Так наоборот, я чувствую себя довольно защищенным, потому что мои стихи – это лучшее, что я умею делать. Как говорила Кира Муратова: «Среди своих картин я чувствую себя как среди детей, которые защищают свою мать». Да, я защищен профессиональной деятельностью, потому что в быту все беззащитны.
Понимаете, жизнь (как любил говорить Бродский, хотя не он придумал эту фразу) – достаточно вспомнить, чем она кончается. В жизни мы проигрываем всегда, а в искусстве не всегда, а в культуре не всегда. Более того, в жизни мы всегда неправы – перед стариками, перед детьми. А в искусстве мы бываем правы. Отдельные догадки оказываются точными.
«Как попасть на ваши концерты в Грузии, где они будут?» Я не могу сказать, где они будут, потому что я… передо мной грузинская афиша, но я по-грузински не читаю. Могу тестя спросить, разбудить и срочно спросить: «Как эта улица называется?»
В любом случае, 23-го лекция, 24-го лекция про будущее российской культуры после Путина. 24-го же – вечер стихов и презентация книжки, книжку напечатали в Тбилиси (дополнительный тираж, спасибо). Это вообще мне понравилось – делать такой print on demand там, где будешь выступать. Не таскать с собой литературу, а печатать ее на месте. На счет прав мы с Виталием Кабаковым, первым издателем, договорились. И где могу, я эту книгу допечатаю. А 25-го в Батуми – лекция о грузинском романтизме, об этом литературном Ренессансе, о его причинах, механизме, о причинах его исчерпанности. Начиная примерно от Важи Пшавела и заканчивая группой «Голубые роги».
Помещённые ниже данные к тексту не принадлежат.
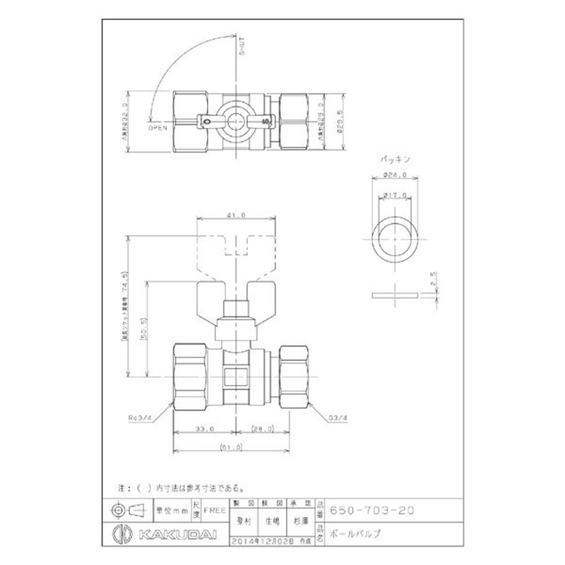 カクダイ 2228237 カクダイ 650-703-20 ボールバルブ #650-703-20 1個(ご注文単位1個)【直送品】
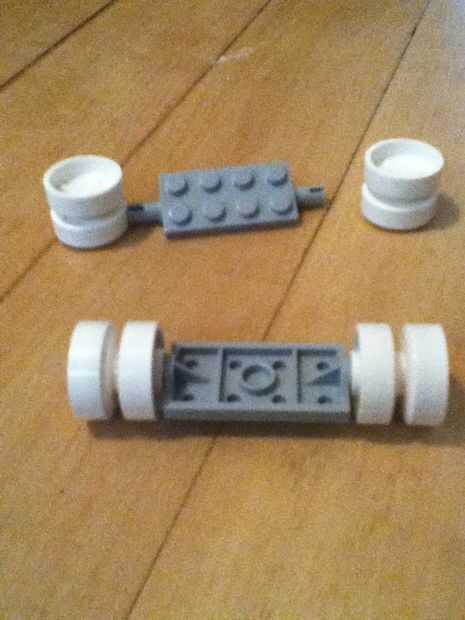 Tomar las 4 ruedas y sus 2 ejes y ponerlos juntos.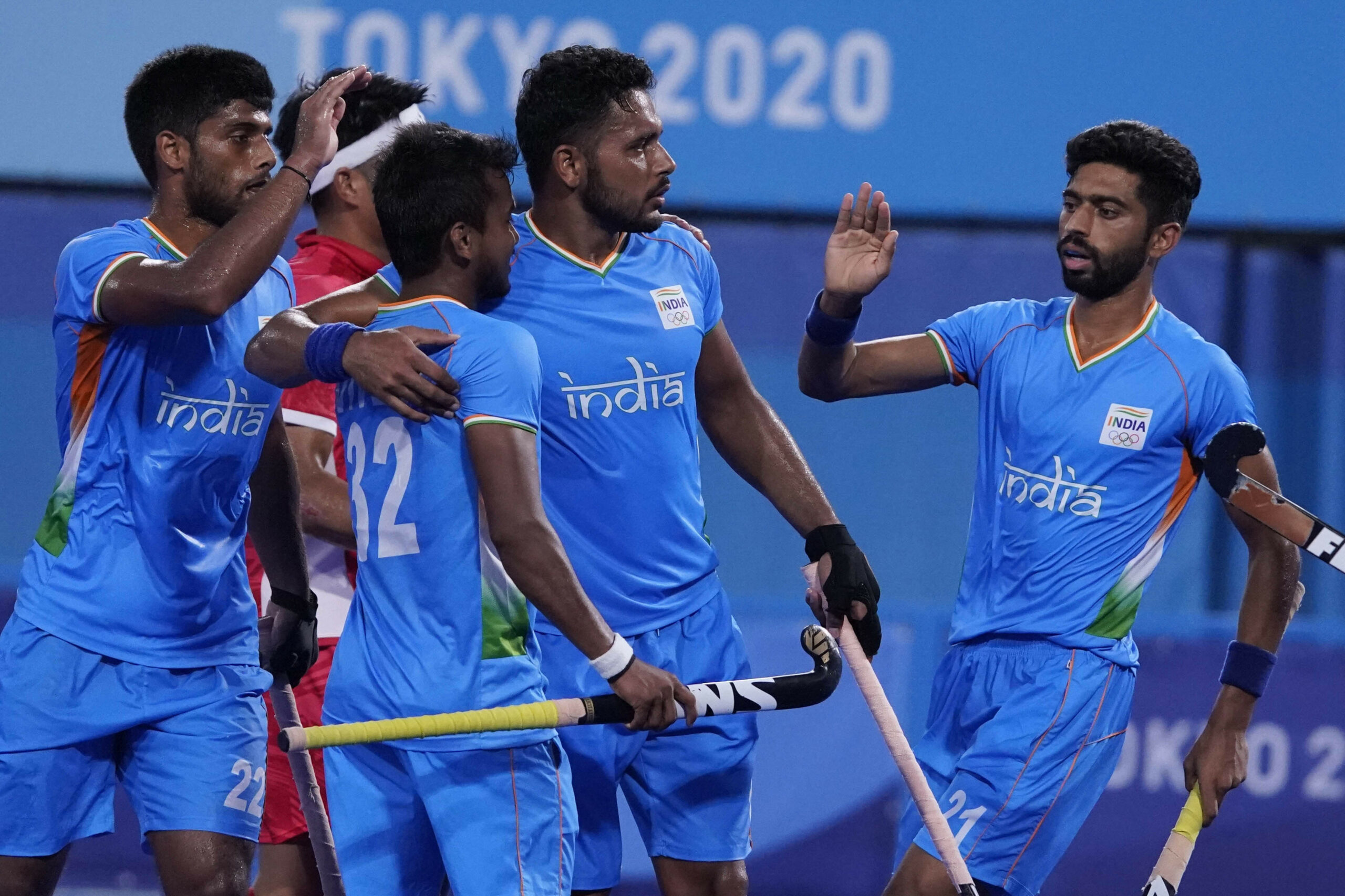 Tokyo: Players celebrate after India's Harmanpreet Singh, second from right, scored against Japan during a men's field hockey match at the 2020 Summer Olympics, Friday, July 30, 2021, in Tokyo, Japan. AP/PTI(AP07_30_2021_000199B)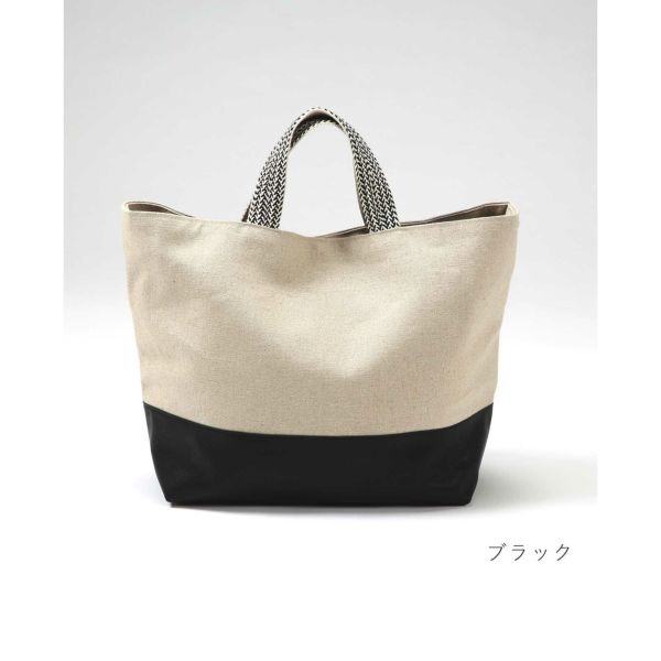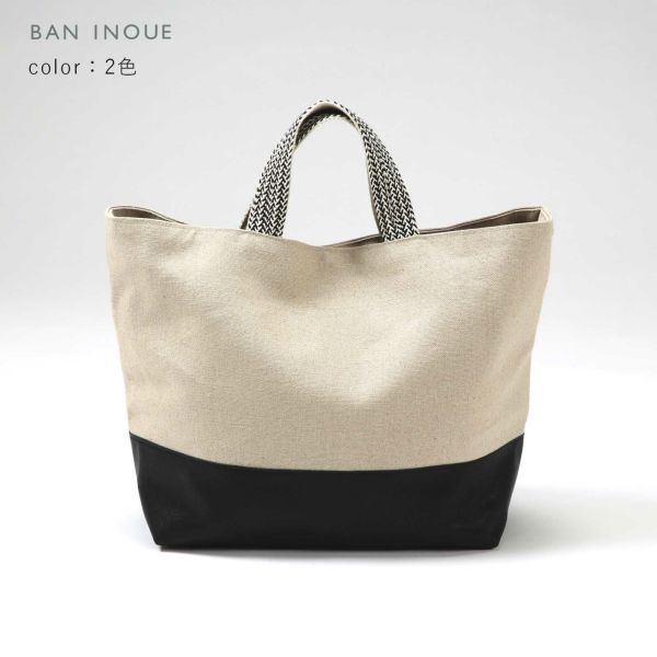 底部分には牛革を合わせ、持ち手にはモノトーンの織りテープを合わせた、ポイントの効いたシンプルながらも目を引くデザイン。
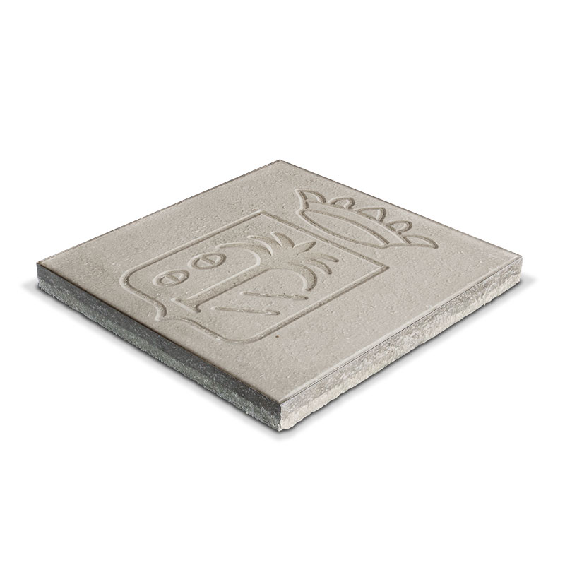 Terrazo de 40 x 40 en color gris con el escudo de La Palma del Condado.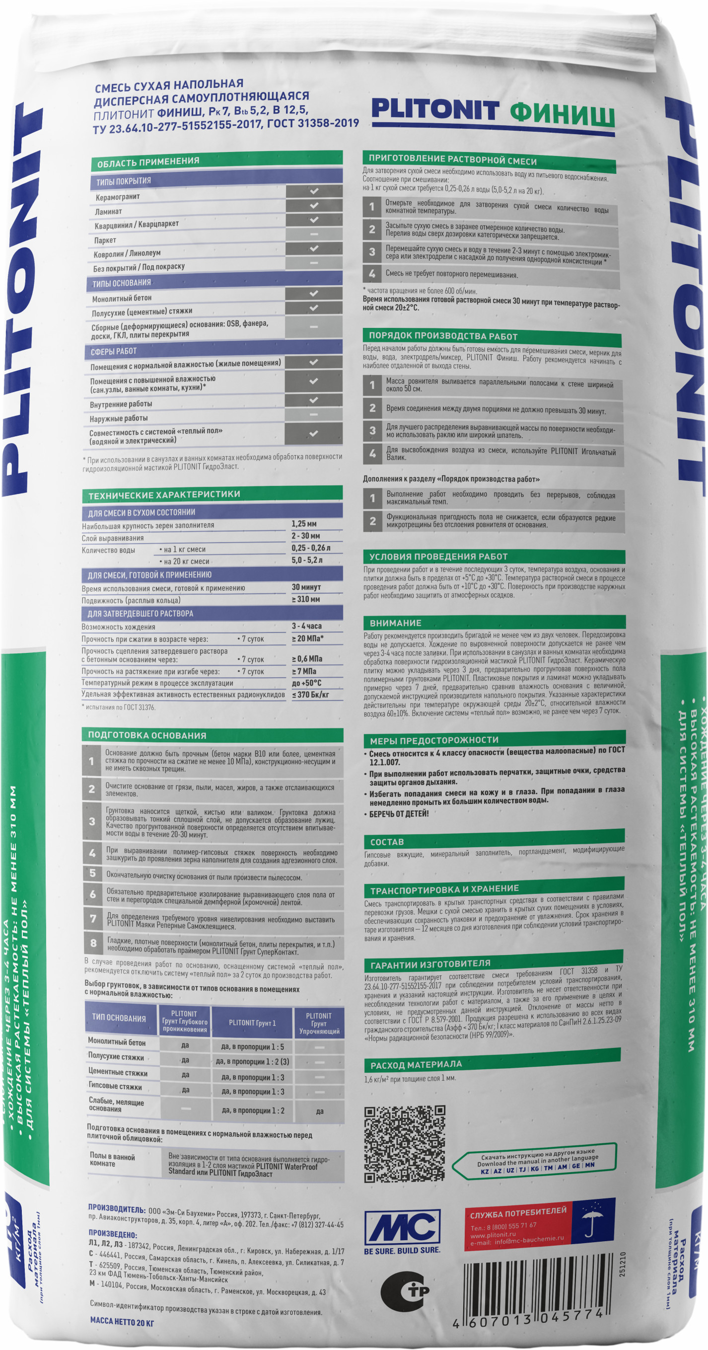 | Объем упаковки, л/кг: | 20 |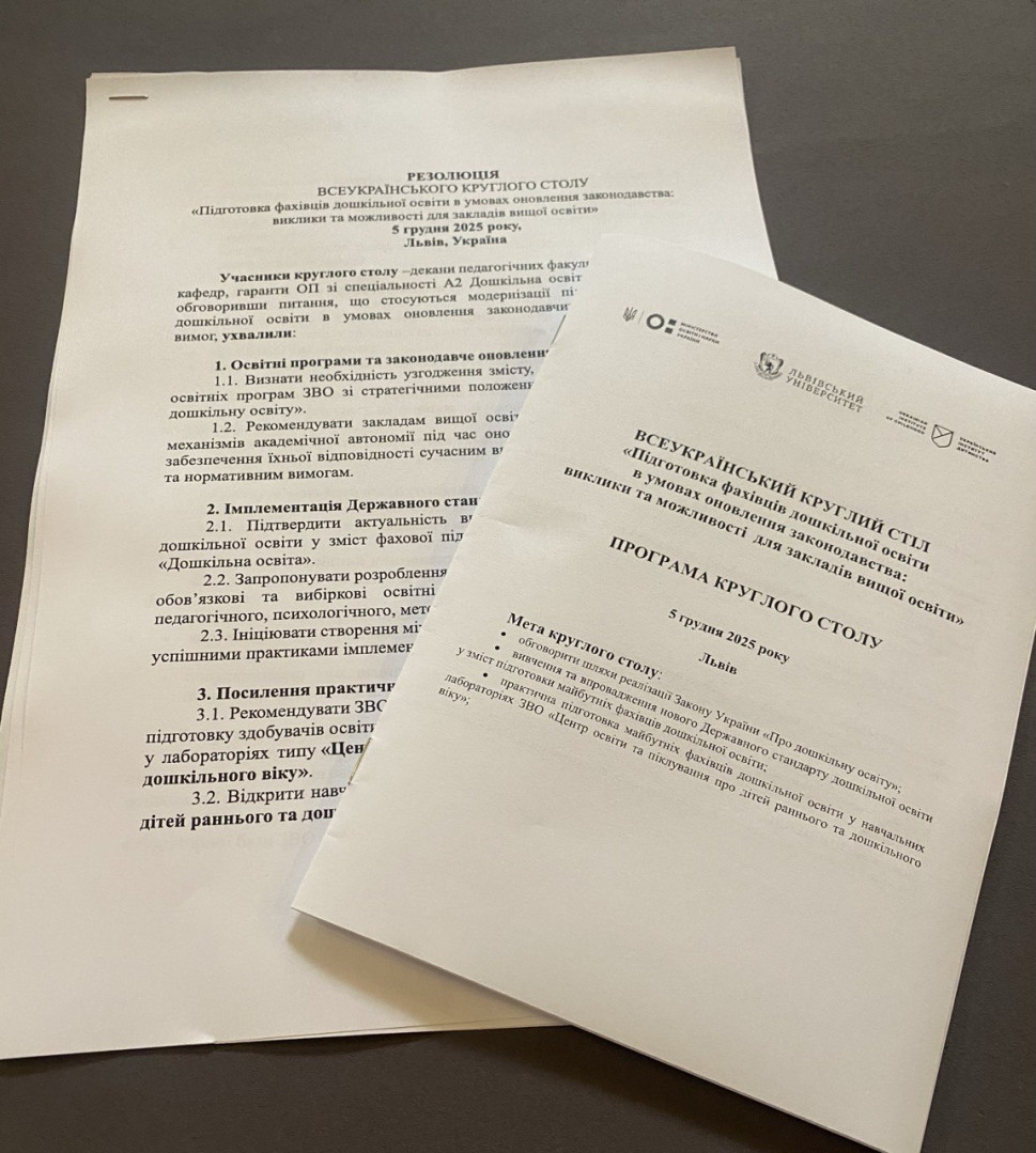 5 грудня 2025 року у Львівському національному університеті імені Івана Франка відбувся Всеукраїнський круглий стіл «Підготовка фахівців дошкільної освіти в умовах оновлення законодавства: виклики та можливості для закладів вищої освіти». У заході взяла участь завідувачка кафедри теорії та методики дошкільної освіти, докторка педагогічних наук, професорка Людмила Березовська, яка представила актуальні напрями оновлення професійної підготовки майбутніх вихователів та окреслила ключові виклики для закладів вищої освіти в умовах модернізації законодавчої бази дошкільної освіти.

В основном это мой шанс поговорить про Галактиона [Табидзе], потому что Галактион Табидзе – это не просто величайший грузинский лирик, но это еще и европейский поэт, чей синтаксис, чья манера строить фразу, вот эти безумные цепочки прилагательных, – они в огромной степени предопределили развитие не только грузинской, но и европейской лирики, они влияли подсознательно, растворяясь в крови. И на Целана они влияли, и на Галковского, потому что действительно… Понимаете, в основе поэтики Табидзе лежит такой похмельный стыд, разочарование, это поэт уже постромантического склада. А с другой – какое-то безумное вдохновение. И не зря в его стихотворениях есть дождь, ливень, бури… Как в стихотворении «Отступник» – ливень вокруг него, он один на мосту, а над ним в небе никого. Он отступил от бога, стоит один, среди ливня вверху и клокотания воды внизу, а над ним в небе нет никого. Страшное такое стихотворение.
Это стихи о буре – причем буре путаной, несущейся куда-то. Я помню, я спросил Окуджаву: «Вот вы показывали свои стихи Пастернаку». Он говорит: «Да, и очень раскаиваюсь. Я отнял у него 40 минут». Я ему говорю: «Ну хорошо, но ведь вашим дядей, то есть мужем вашей расстрелянной тетки Ольги был Галактион, самый известный и великий поэт Грузии. Почему вы не показали ему?» Он сказал: «Ясно было, что мои скучные и простые стихи совершенно не нужны Галактиону. Галактион был величайший грузинский лирик, он обитал в своих облаках, и я никогда даже не говорил с ним о стихах. Он был всегда для меня где-то в отдельном измерении».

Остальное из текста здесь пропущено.